A surge of extreme heat across the United States is breaking March temperature records by wide margins, according to an analysis of weather data and forecasts from the National Weather Service. In some regions, temperatures have exceeded historical averages by more than 17°C, highlighting an unusually early-season heat event. Scientists say the scale and intensity of the heat are closely linked to long-term warming trends.
The Data Behind the Heat Event
Preliminary data from roughly 400 weather stations indicate that about a quarter of March heat records could be tied or broken during this event. These figures are based on Associated Press analysis of regional climate datasets, though final verification from the National Weather Service is pending.
In California and Arizona, daily temperatures have surpassed 38°C, significantly above typical March highs, which are generally at least 17°C lower. In Palm Springs, temperatures reached 42°C, exceeding the previous March record of 40°C set in 1966.
Regional Impact Across the United States
The most intense heat is concentrated in the western and southwestern United States, particularly in desert regions accustomed to high summer temperatures. However, current readings show these levels arriving weeks earlier than usual.
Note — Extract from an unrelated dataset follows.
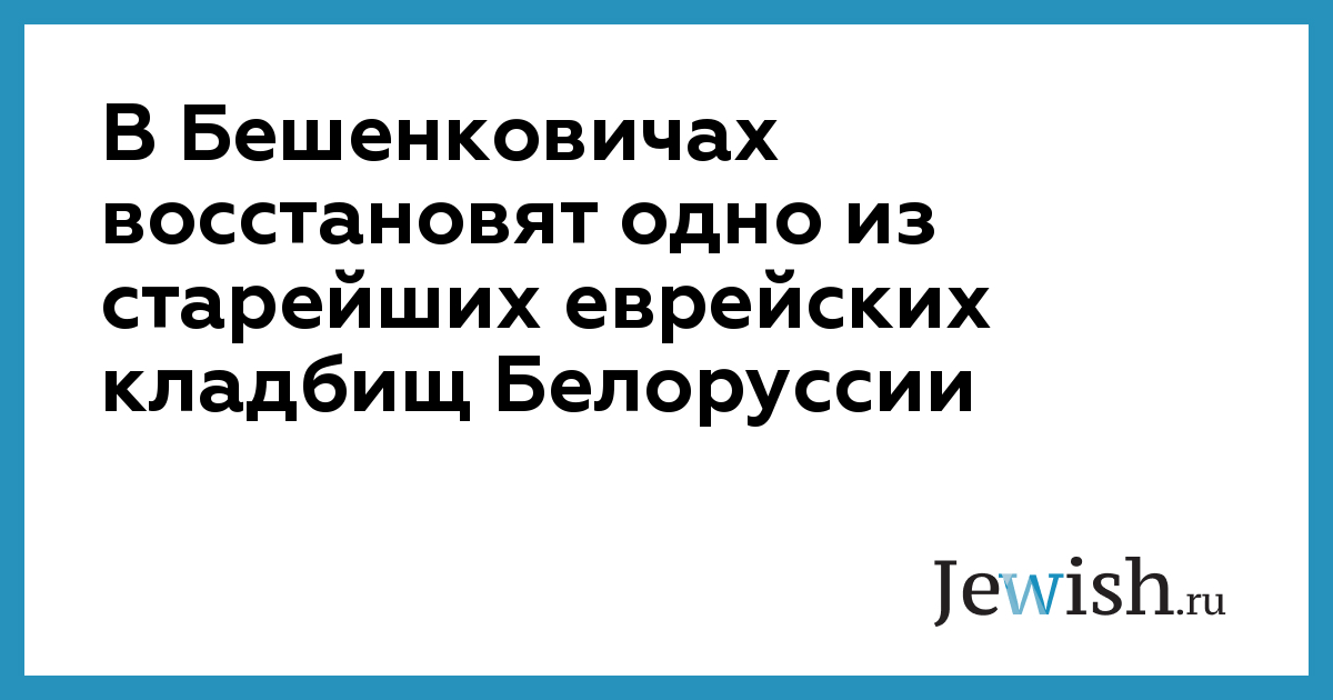 Летом этого года в городе Бешенковичи Витебской области начнутся работы по восстановлению местного еврейского кладбища — одного из старейших в Белоруссии. Проект инициировала евреи Витебска при поддержке минской и петербургской общин, сообщает

Other regions, including parts of the Midwest and Northwest, are also experiencing elevated temperatures. In states such as Oklahoma, Nebraska, northern Texas and South Dakota, temperatures are reaching at least 11°C above the 1991–2020 March average.
While triple-digit temperatures draw attention, data indicates that even 32°C conditions in typically cooler regions can have significant impacts, particularly where infrastructure and populations are less adapted to early-season heat.
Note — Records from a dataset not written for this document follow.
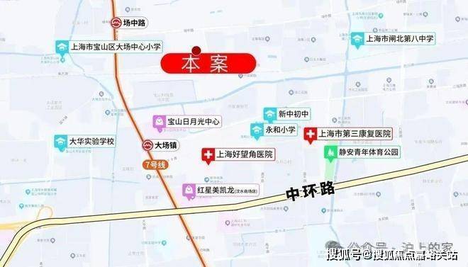 项目位于宝山区大场板块,地处界华路和场中路交界处,位置十分优越,距离7号线场中路地铁站步行最多也就500米左右,然后沿着7号线,两站入中环,三站进市区,六站就进入核心内环了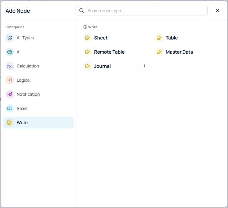 Note: Write nodes only accept input connections and cannot provide output connections to other nodes. They function as terminal nodes, marking the end of data flow paths in the workflow.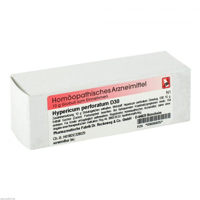 - In 10 g Globuli sind verarbeitet: Wirkstoff: Hypericum perforatum Dil. D30 0,1 g.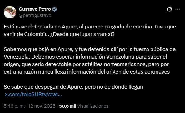 Este miércoles 12 noviembre el presidente de Colombia, Gustavo Petro, indicó que la aeronave detectada por la Fuerza Armada Nacional Bolivariana (FANB) en Apure «al parecer con presunta cocaína» tuvo que salir de Colombia.

Scientific Context and Climate Attribution
A rapid attribution analysis by World Weather Attribution, a group of international climate scientists, found that such an extreme March heat event would be “virtually impossible” without human-driven climate change. The analysis links the intensity of the event to greenhouse gas emissions from fossil fuel use, including carbon dioxide.
Attribution studies typically combine observational data with climate models to assess how human-induced warming influences the likelihood and severity of extreme weather. While such analyses are widely used in climate science, they carry uncertainties related to model assumptions and regional variability.
Forecast Outlook and Seasonal Trends
Forecasts from the National Weather Service indicate that the heat will persist in the near term, with additional record-breaking temperatures expected across multiple states. Analysis of forecast data suggests that up to 70 locations in 15 states could exceed historical March temperature records in the coming days.
Longer-term projections indicate a higher probability of above-normal temperatures across most of the United States between April and June. The Southwest — including Arizona, Nevada, Utah and New Mexico — is expected to experience the strongest likelihood of sustained heat.
Policy and Infrastructure Implications
Early-season heat events present challenges for energy systems, water management and public health planning. Higher-than-average spring temperatures can increase electricity demand for cooling and place stress on water resources in already arid regions.
While no single heat event can be attributed solely to climate change, scientists note that rising global temperatures are increasing the frequency and intensity of such extremes. Policymakers are increasingly incorporating these trends into climate adaptation strategies, particularly in regions prone to heat stress.
What Remains Uncertain
Final temperature records require verification by official agencies, and some preliminary readings may be adjusted. Additionally, while attribution studies identify strong links between climate change and extreme heat, they do not eliminate natural variability as a contributing factor.
Seasonal forecasts also carry uncertainty, particularly at regional scales. While models indicate a high likelihood of above-average temperatures, localized conditions may differ due to atmospheric patterns.